◆ Exercise goal ◆
Pictures stay out of the copy, and everything else in the data below is repeated exactly.

◆ Task inputs ◆
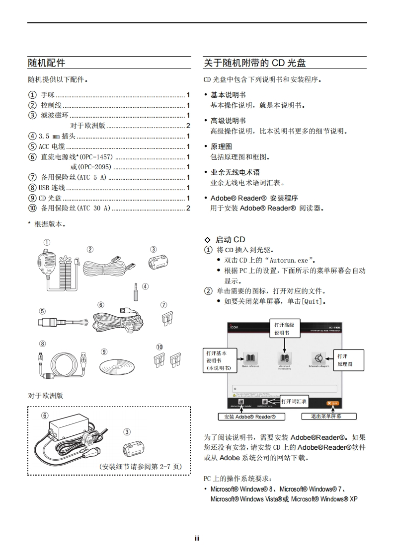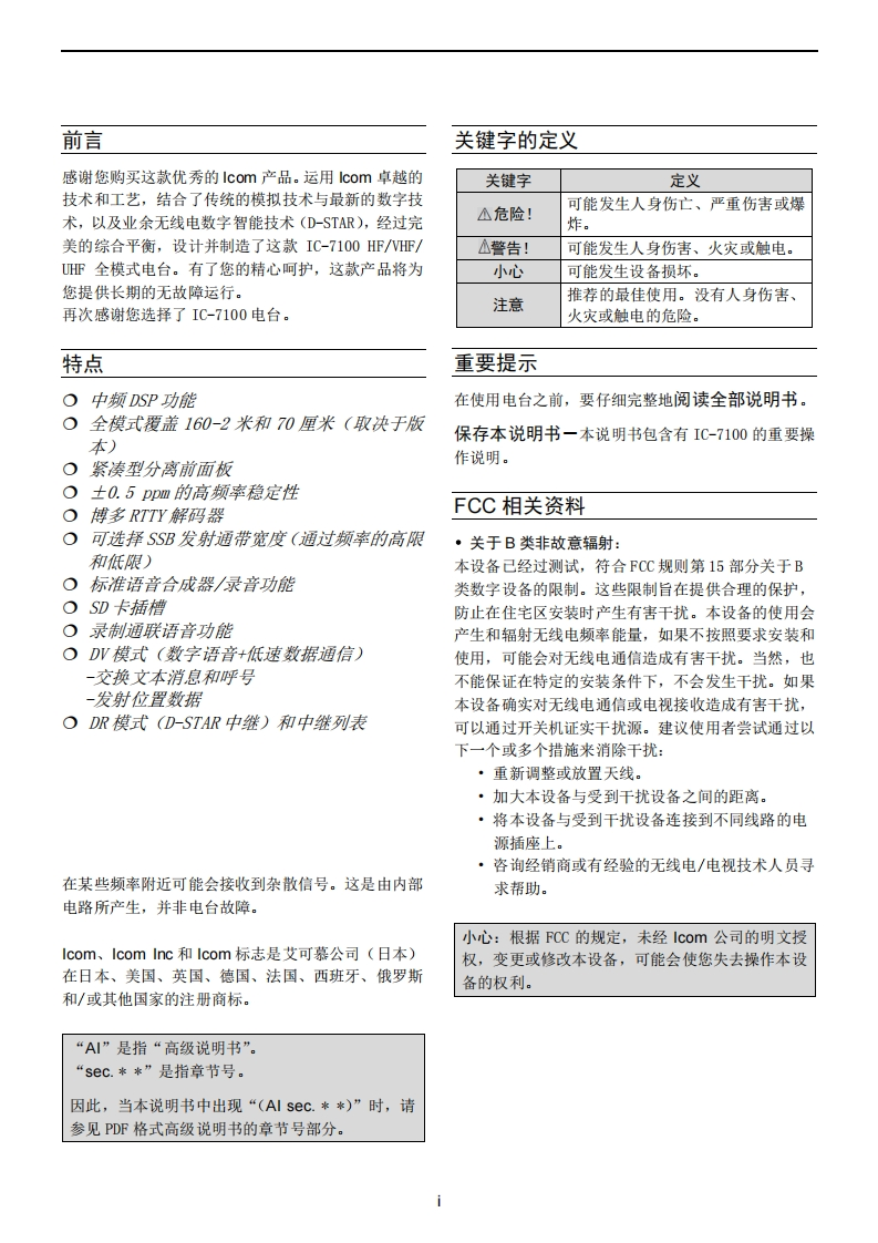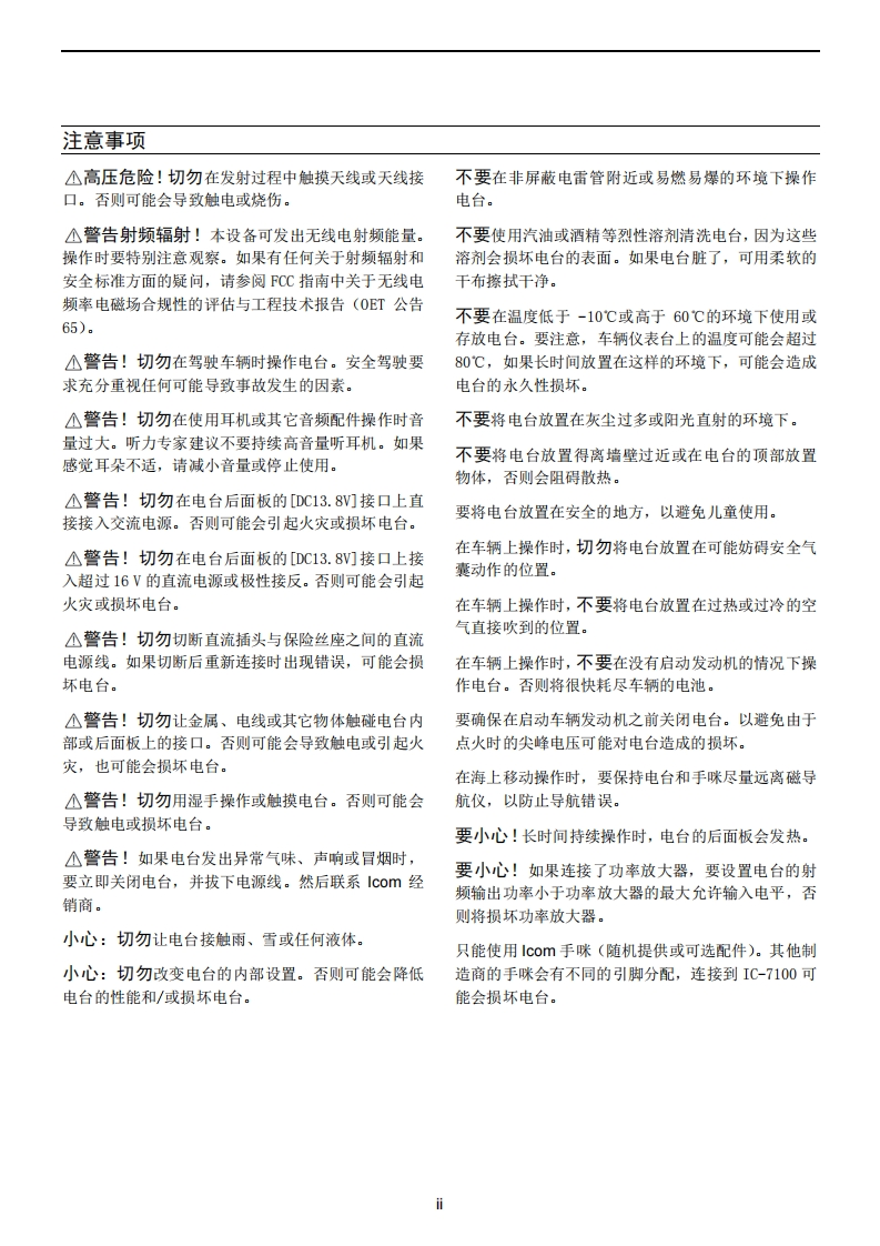 手册编号8:艾克幕ICOMIC-7100标准版中文说明书找手册网33天前发布关注私信9.58MB96页031手册编号8:艾克幕ICOMIC-7100标准版中文说明书此内容为付费资源,请付费后查看¥19¥23黄金会员免费钻石会员免费登录购买付费资源 第1页 / 共96页 第2页 / 共96页 第3页 / 共96页 第4页 / 共96页 第5页 / 共96页 试读已结束,还剩91页,您可下载完整版后进行离线阅读 THE END艾可慕 文本预览 icOM使用说明书HFNHF/UHF全模式电台1C-7100COM7.100.006本设备符合FCC规则第15部分.操作须遵守以下两个条件:(1)本设备不得造成有害干扰,并且(2)本设备必须接受任何收到的干扰,包括可能导致意外动作的干扰。警告:根据FCC规则和联邦法律,禁止改造本设备用于接收蜂窝无线电话业务信号。 查看更多 收起部分 喜欢就支持一下吧收藏
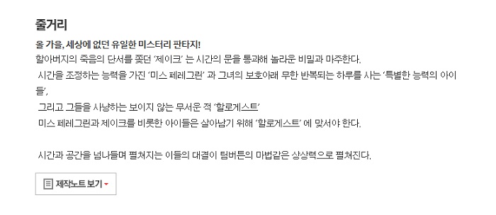 [ 미 스 페 레 그 린 과 이 상 한 아 이 들 의 집 ] 2016 한글자막/
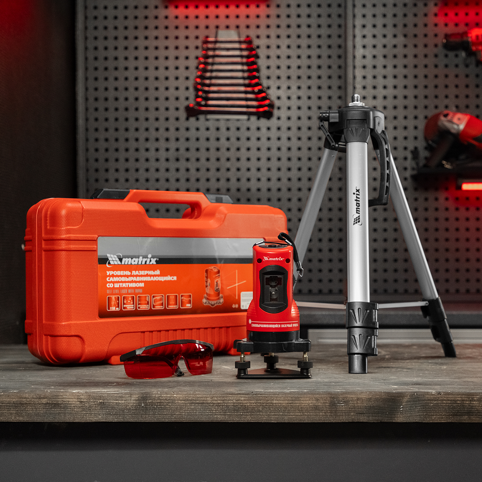Лазерный уровень самовыравнивающийся, 150 мм, штатив 1150 мм, набор в пластиковом кейсе Matrix в Екатеринбурге
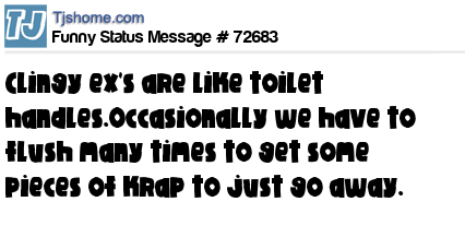 X Clingy ex's are like toilet handles.Occasionally we have to flush many times to get some pieces of krap to just go away.
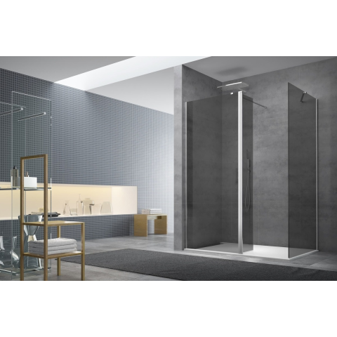 Walk-in zuhanyparaván mérete 200 cm. Összecsukható nyitórendszer. Bal és jobb oldali tájolás is. Profil fényes krómban , a felület átlátszatlan üvegből készült.

◆ Solution to this exercise ◆
 手册编号8:艾克幕ICOMIC-7100标准版中文说明书找手册网33天前发布关注私信9.58MB96页031手册编号8:艾克幕ICOMIC-7100标准版中文说明书此内容为付费资源,请付费后查看¥19¥23黄金会员免费钻石会员免费登录购买付费资源 第1页 / 共96页 第2页 / 共96页 第3页 / 共96页 第4页 / 共96页 第5页 / 共96页 试读已结束,还剩91页,您可下载完整版后进行离线阅读 THE END艾可慕 文本预览 icOM使用说明书HFNHF/UHF全模式电台1C-7100COM7.100.006本设备符合FCC规则第15部分.操作须遵守以下两个条件:(1)本设备不得造成有害干扰,并且(2)本设备必须接受任何收到的干扰,包括可能导致意外动作的干扰。警告:根据FCC规则和联邦法律,禁止改造本设备用于接收蜂窝无线电话业务信号。 查看更多 收起部分 喜欢就支持一下吧收藏
 [ 미 스 페 레 그 린 과 이 상 한 아 이 들 의 집 ] 2016 한글자막/
Лазерный уровень самовыравнивающийся, 150 мм, штатив 1150 мм, набор в пластиковом кейсе Matrix в Екатеринбурге
 X Clingy ex's are like toilet handles.Occasionally we have to flush many times to get some pieces of krap to just go away.
 Walk-in zuhanyparaván mérete 200 cm. Összecsukható nyitórendszer. Bal és jobb oldali tájolás is. Profil fényes krómban , a felület átlátszatlan üvegből készült.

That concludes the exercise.